GIVEN DATA
+++
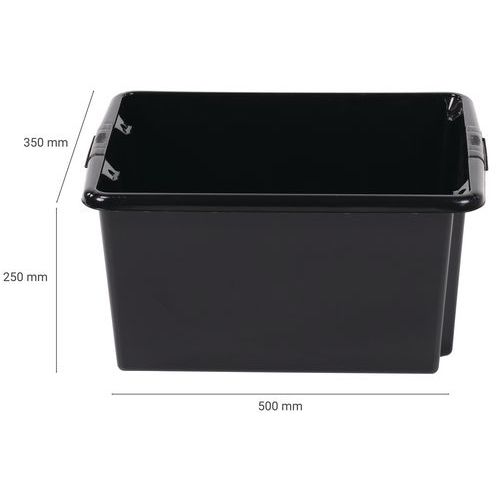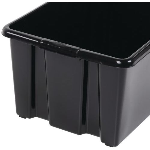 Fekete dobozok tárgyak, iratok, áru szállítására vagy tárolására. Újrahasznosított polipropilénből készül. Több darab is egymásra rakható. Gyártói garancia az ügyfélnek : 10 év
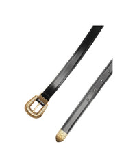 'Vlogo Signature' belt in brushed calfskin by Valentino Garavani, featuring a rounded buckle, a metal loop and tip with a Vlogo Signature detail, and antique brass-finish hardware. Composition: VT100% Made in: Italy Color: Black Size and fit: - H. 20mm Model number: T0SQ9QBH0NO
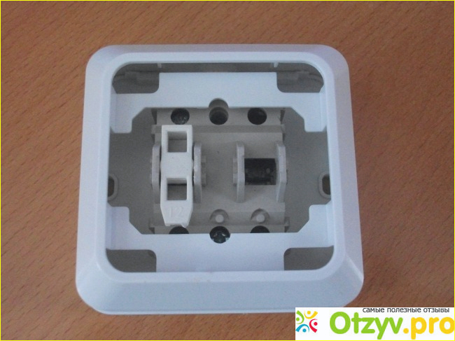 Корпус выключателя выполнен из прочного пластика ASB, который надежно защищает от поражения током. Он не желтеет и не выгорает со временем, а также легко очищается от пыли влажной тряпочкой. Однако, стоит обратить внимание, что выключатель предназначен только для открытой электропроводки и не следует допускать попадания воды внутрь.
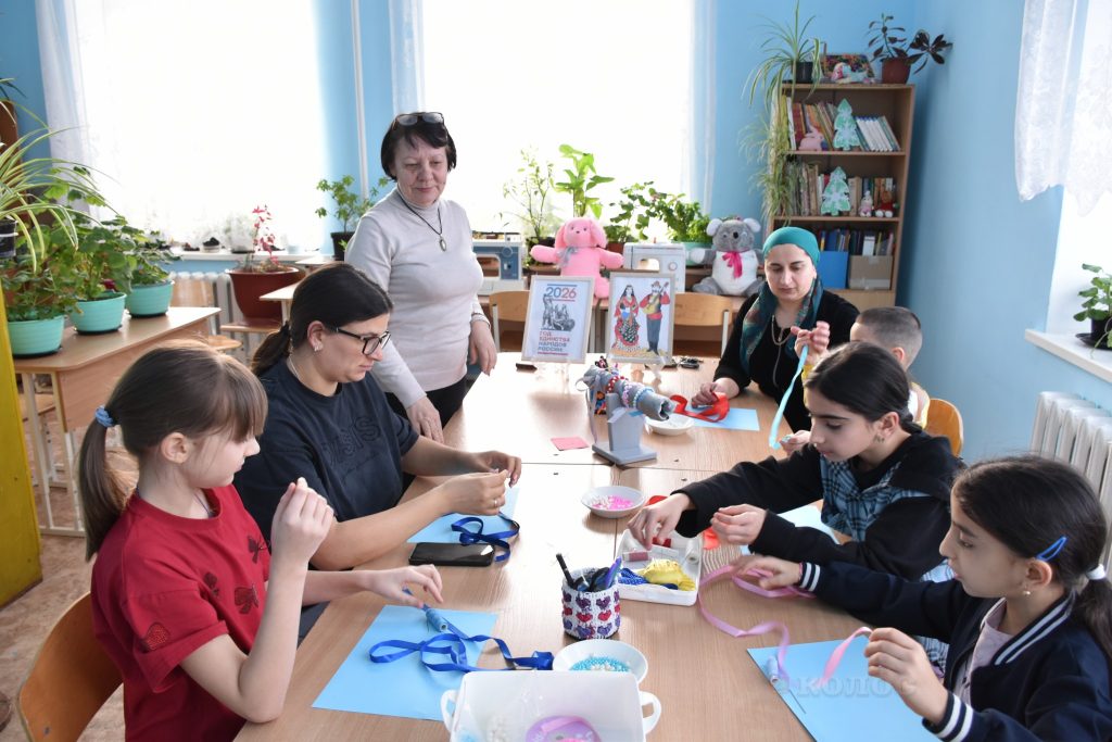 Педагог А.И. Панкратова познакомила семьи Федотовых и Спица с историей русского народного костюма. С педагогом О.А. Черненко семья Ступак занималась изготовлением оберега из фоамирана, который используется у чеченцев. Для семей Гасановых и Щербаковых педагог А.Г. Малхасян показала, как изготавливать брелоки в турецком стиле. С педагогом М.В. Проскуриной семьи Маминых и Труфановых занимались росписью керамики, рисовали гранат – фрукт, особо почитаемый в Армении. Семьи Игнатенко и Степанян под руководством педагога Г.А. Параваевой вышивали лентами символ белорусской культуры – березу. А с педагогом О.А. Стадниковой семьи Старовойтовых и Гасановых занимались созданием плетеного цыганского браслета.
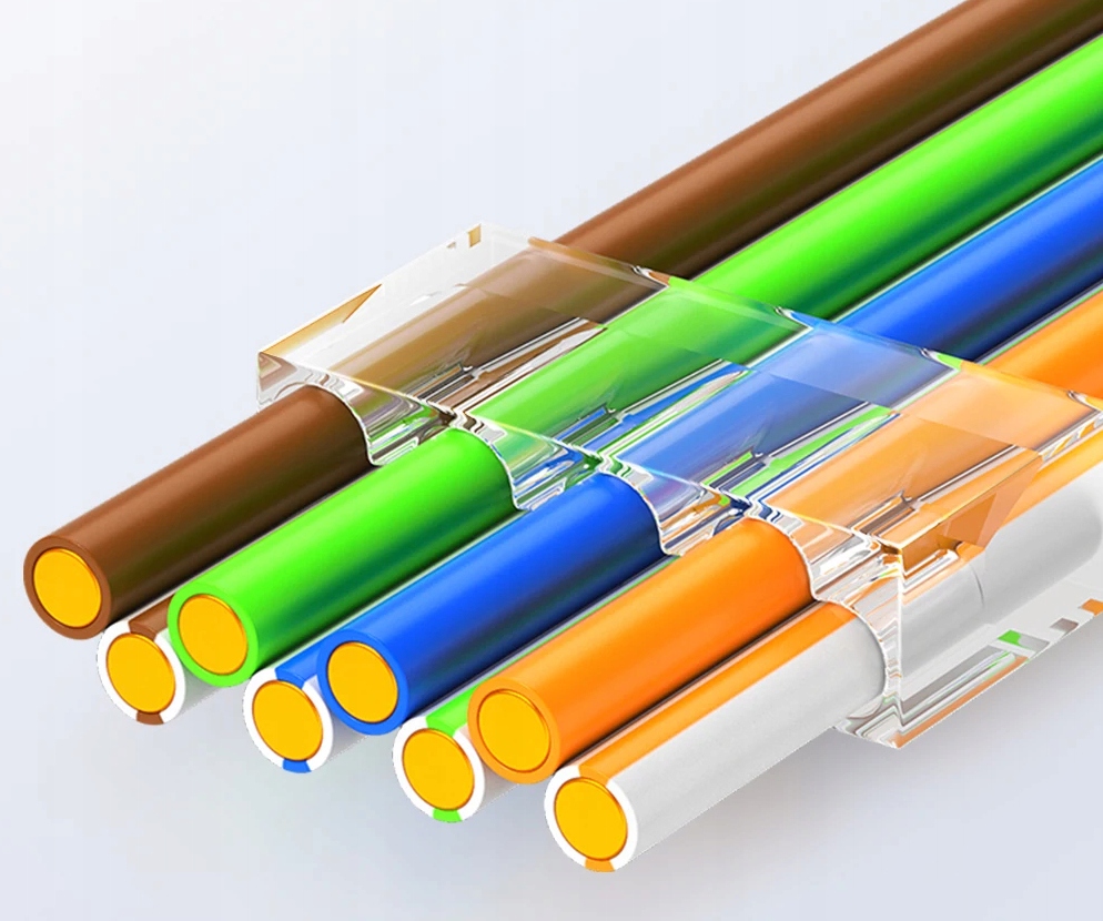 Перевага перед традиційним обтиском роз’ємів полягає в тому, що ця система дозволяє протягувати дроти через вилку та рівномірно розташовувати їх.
+++
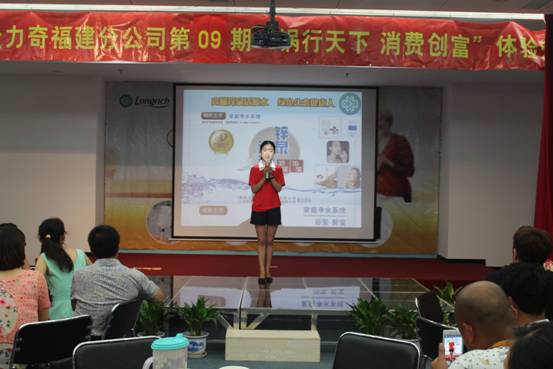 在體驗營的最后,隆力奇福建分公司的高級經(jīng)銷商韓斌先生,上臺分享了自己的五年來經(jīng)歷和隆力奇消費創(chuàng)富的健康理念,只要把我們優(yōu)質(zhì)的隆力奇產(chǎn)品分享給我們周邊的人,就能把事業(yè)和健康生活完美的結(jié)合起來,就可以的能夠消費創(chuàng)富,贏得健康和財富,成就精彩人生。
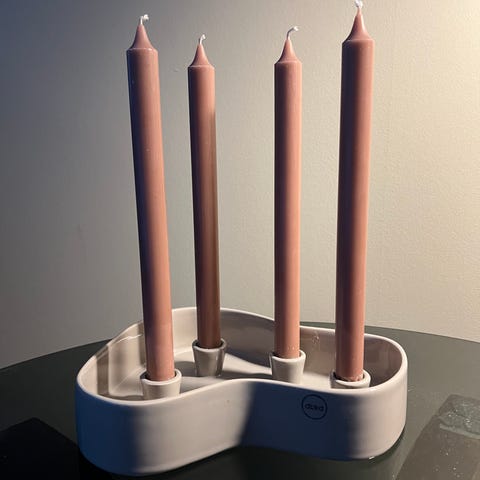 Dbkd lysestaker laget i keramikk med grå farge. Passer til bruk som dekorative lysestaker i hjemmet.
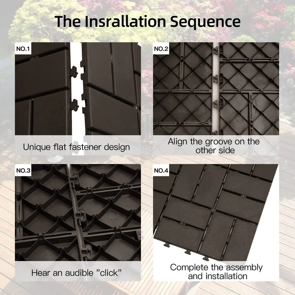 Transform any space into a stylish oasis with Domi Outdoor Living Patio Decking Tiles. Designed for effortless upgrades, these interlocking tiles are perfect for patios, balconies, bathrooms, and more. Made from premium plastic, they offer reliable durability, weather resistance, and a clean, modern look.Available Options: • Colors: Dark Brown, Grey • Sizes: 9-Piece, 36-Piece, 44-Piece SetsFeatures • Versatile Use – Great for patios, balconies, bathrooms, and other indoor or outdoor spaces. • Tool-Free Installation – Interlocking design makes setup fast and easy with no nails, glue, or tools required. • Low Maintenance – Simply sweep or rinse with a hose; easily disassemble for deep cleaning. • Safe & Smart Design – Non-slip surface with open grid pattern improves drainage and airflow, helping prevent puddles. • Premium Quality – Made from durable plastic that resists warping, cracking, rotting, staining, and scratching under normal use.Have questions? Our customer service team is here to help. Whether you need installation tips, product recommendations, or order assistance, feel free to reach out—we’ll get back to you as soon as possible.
+++
EXERCISE GOAL
The lines above from the line with "Fekete dobozok tárgyak, iratok, áru" through the line with "Model number: T0SQ9QBH0NO" are to be given again word for word, with no pictures among them.

ANSWER TO THE PROBLEM
 Fekete dobozok tárgyak, iratok, áru szállítására vagy tárolására. Újrahasznosított polipropilénből készül. Több darab is egymásra rakható. Gyártói garancia az ügyfélnek : 10 év
 'Vlogo Signature' belt in brushed calfskin by Valentino Garavani, featuring a rounded buckle, a metal loop and tip with a Vlogo Signature detail, and antique brass-finish hardware. Composition: VT100% Made in: Italy Color: Black Size and fit: - H. 20mm Model number: T0SQ9QBH0NO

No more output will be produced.